But associated description is there is no in prior art.
The content of the invention
It is an object of the invention to provide a kind of accelerator and accelerated method for solving the differential equation, accelerates the differential equation The solution of group.
The technical solution for realizing the object of the invention is:A kind of accelerator for solving the differential equation, the device is by defeated Enter output buffer module, serioparallel exchange module and the hardware accelerator based on Long Gekuta to constitute.Input into/output from cache module It is mainly used in the caching with master control direct interaction data, all data between accelerator module and master control are slow by input and output Deposit interaction.String simultaneously/parallel serial conversion module is mainly responsible for the data of the reading of input-buffer various parallel outputs as needed, The parallel output data of hardware accelerator is converted to into serial data.Mainly it is responsible for based on the hardware accelerator of Long Gekuta Realize the hardware-accelerated of differential equation.
This is used for the hardware accelerator for solving the differential equation by proposing general computing architecture, can with reference to FPGA local Reconstruction property, by the flexible configuration to core calculations unit, realizes the hardware-accelerated generalization to Systems of Ordinary Differential Equations.
The read operation that control input is mainly cached by serioparallel exchange module, and according to the indication signal for reading, by what is read Data parallel is connected with the hardware acceleration unit based on Long Gekuta, and the module data input bit is a width of 32, outputs data bits 4096 bit wides of wide maximum support, specifically can be configured according to demand.Parallel serial conversion module is mainly by result of calculation with 32 Position bit wide output the write operation of controlled output caching.
A kind of calculation process for solving the hardware accelerator of the differential equation is as follows:
A) it is first determined whether being differential equation of higher order, if differential equation of higher order, then differential equation of higher order is turned to into 1 Rank differential equation group;If first-order system, then step b) is directly carried out;
B) 1 rank differential equation group is solved using 4 classical rank Long Gekuta methods;
C) realize for the hardware of 4 rank Long Gekuta of b) step, depth is carried out to 4 subiterations processes in each iteration Degree optimization, main iteration adopt identical hardware configuration, and the sub- iteration in main iteration adopts identical hardware configuration, antithetical phrase to change every time Realization parallel hardware architecture to greatest extent in generation;
D) it is for the purpose in reaching b), complex to solving radical sign, trigonometric function solution, division, traversal lookup etc. Algorithm, is carried out using parallel arithmetic element, and adopts various optimization means, and such as division increases each iteration step length, triangle letter Number adopts two steps to merge, compares for the constant table of some needs traversals adopts the mode of coding that traversal is substituted in the way of tabling look-up Behaviour etc..The maximum delay path in every subiterations is found, is reduced during calculation delay by increasing degree of parallelism, it is other non- Maximum delay path needs the compromise for carrying out resource and speed.

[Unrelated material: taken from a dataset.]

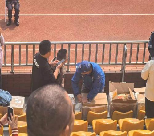 從現(xiàn)場照片來看,該球迷并沒有食言,他將數(shù)箱雞架搬到了比賽現(xiàn)場的看臺上,并將雞架免費發(fā)放給現(xiàn)場觀賽的球迷。

Due to accelerating module and the communication of primary processor take it is larger, using by whole algorithm devices at full hardwareization run, reduce Interaction, primary processor only need to for parameter initialization value, step-length and number control signal to be sent to accelerating module, accelerating module Calculating intermediate data is then carried out by dma mode, successfully will communication when accounting for than control in relatively low level, its communication account for when ratio with The increase of algorithmic variable number, computation complexity and iterations and reduce.
Compared with prior art, remarkable advantage of the invention is:1) present invention realizes Systems of Ordinary Differential Equations using hardware Accelerate, with higher speed-up ratio;2) present invention proposes general interface structure so that the invention can meet different parameters Amount, the solution demand of the differential equation group of variable number;3) core calculations accelerator module borrows FPGA reconfigurable functions, for difference Equation group, reconstruct the core calculations unit, improve the versatility of resource utilization and invention.

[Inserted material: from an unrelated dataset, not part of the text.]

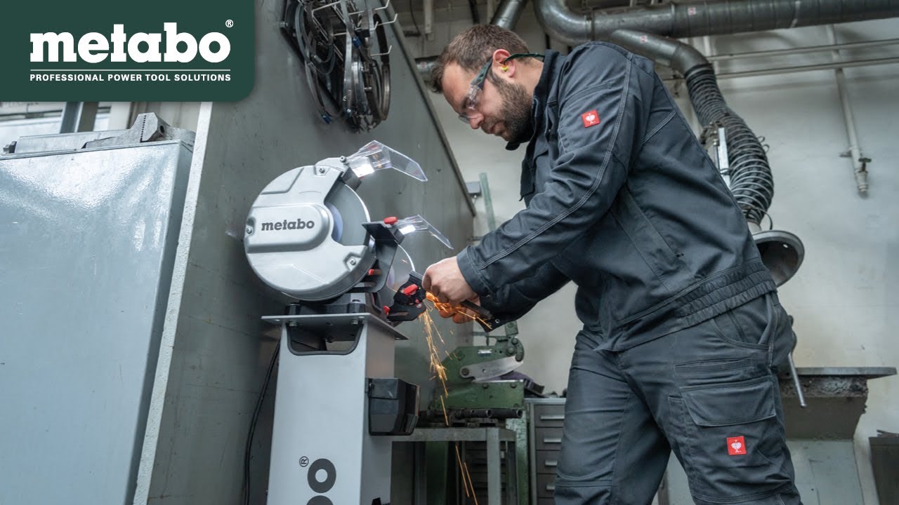 Інструмент з особливо високим крутним моментом, оснащений трифазним електродвигуном для великих навантажень. Для шліфування, заточення, зачищення та зняття іржі на сталі і металах, кухонних приборах, інструментах і садово-городніх пристроях. Придатний для використання щіток зі сталевим дротом для видалення іржі. Вбудований світлодіодний ліхтар для оптимального освітлення робочої зони. Велика здатна нахилятися опора для інструмента з практичним V-подібним пазом для скошування країв зварних швів.

Below in conjunction with the accompanying drawings the present invention is described in further detail.
Description of the drawings
Fig. 1 is a kind of accelerator composition schematic diagram for solving the differential equation.
Fig. 2 is serioparallel exchange and parallel serial conversion module schematic diagram, wherein figure (a) is serioparallel exchange module schematic diagram, is schemed (b) It is parallel serial conversion module schematic diagram.

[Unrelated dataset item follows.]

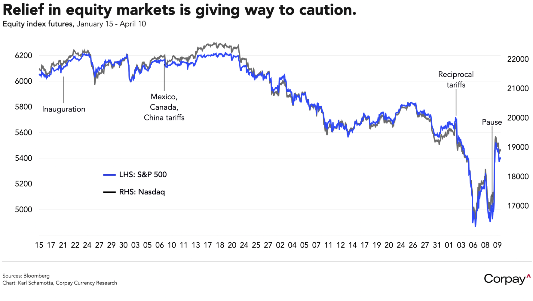 Stock-index futures are edging lower and the dollar is weakening once more as the initial optimism sparked by yesterday’s tariff reversal yields to a more measured assessment of the risks still facing the US and world economies. Equity futures are setting up for a circa-1.5-percent loss at the North American open, ten-year Treasury yields are stuck near the 4.3 percent mark, and the greenback is heading toward a third day of losses against its major counterparts. The safe-haven Japanese yen is in the ascendant, and the euro is climbing after European Union officials announced plans to postpone retaliatory measures against the United States, and the Canadian dollar is trading sideways while the Mexican peso and Swiss franc underperform their peers.
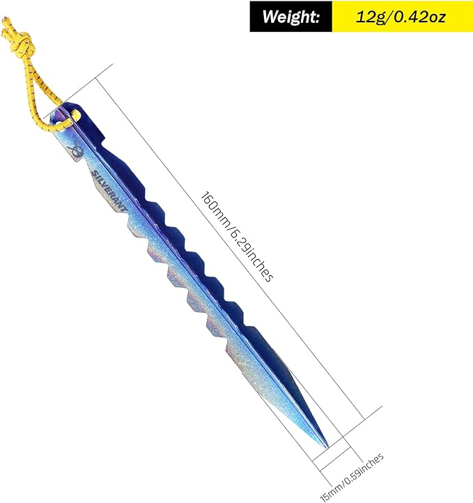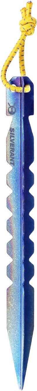 - 𝐔𝐥𝐭𝐫𝐚𝐥𝐢𝐠𝐡𝐭- The SilverAnt Y-Shape Titanium Tent Stake is made from lightweight titanium weighing only 12g per tent stake. Reduce the weight of your tent stakes by saving a few grams in contrast to stainless steel tent stakes. Titanium tent pegs are an ideal choice for backpackers, thru-hikers, and campers who want to minimize the weight of their gear. Use a titanium tent stake to secure your tent without sacrificing strength.

Fig. 3 is the hardware acceleration unit calculation flow chart based on Long Gekuta.
Specific embodiment
With reference to Fig. 1, a kind of hardware accelerator for solving the differential equation, by input into/output from cache module, is gone here and there and is turned Mold changing block and the hardware accelerator based on Long Gekuta are constituted.Input into/output from cache module is mainly used in and master control direct interaction The caching of data, all data between accelerator module and master control are interacted by input into/output from cache.String simultaneously/parallel-serial conversion mould Block is mainly responsible for by the data of the reading of input-buffer various parallel outputs as needed, by the parallel defeated of hardware accelerator Go out data and be converted to serial data.Hardware accelerator based on Long Gekuta is mainly responsible for the hardware for realizing differential equation Accelerate.This is used for the hardware accelerator for solving the differential equation by proposing general computing architecture, can be with reference to FPGA local again Structure characteristic, by the flexible configuration to core calculations unit, realizes the hardware-accelerated generalization to Systems of Ordinary Differential Equations.
With reference to Fig. 2, the read operation that control input is mainly cached by serioparallel exchange module, and according to the indication signal for reading, The data parallel for reading is connected with the hardware acceleration unit based on Long Gekuta, the module data input bit is a width of 32, defeated Go out data bit width 4096 bit wides of maximum support, specifically can be configured according to demand.Parallel serial conversion module will mainly be calculated As a result the write operation for being cached with 32 bit wide outputs controlled output.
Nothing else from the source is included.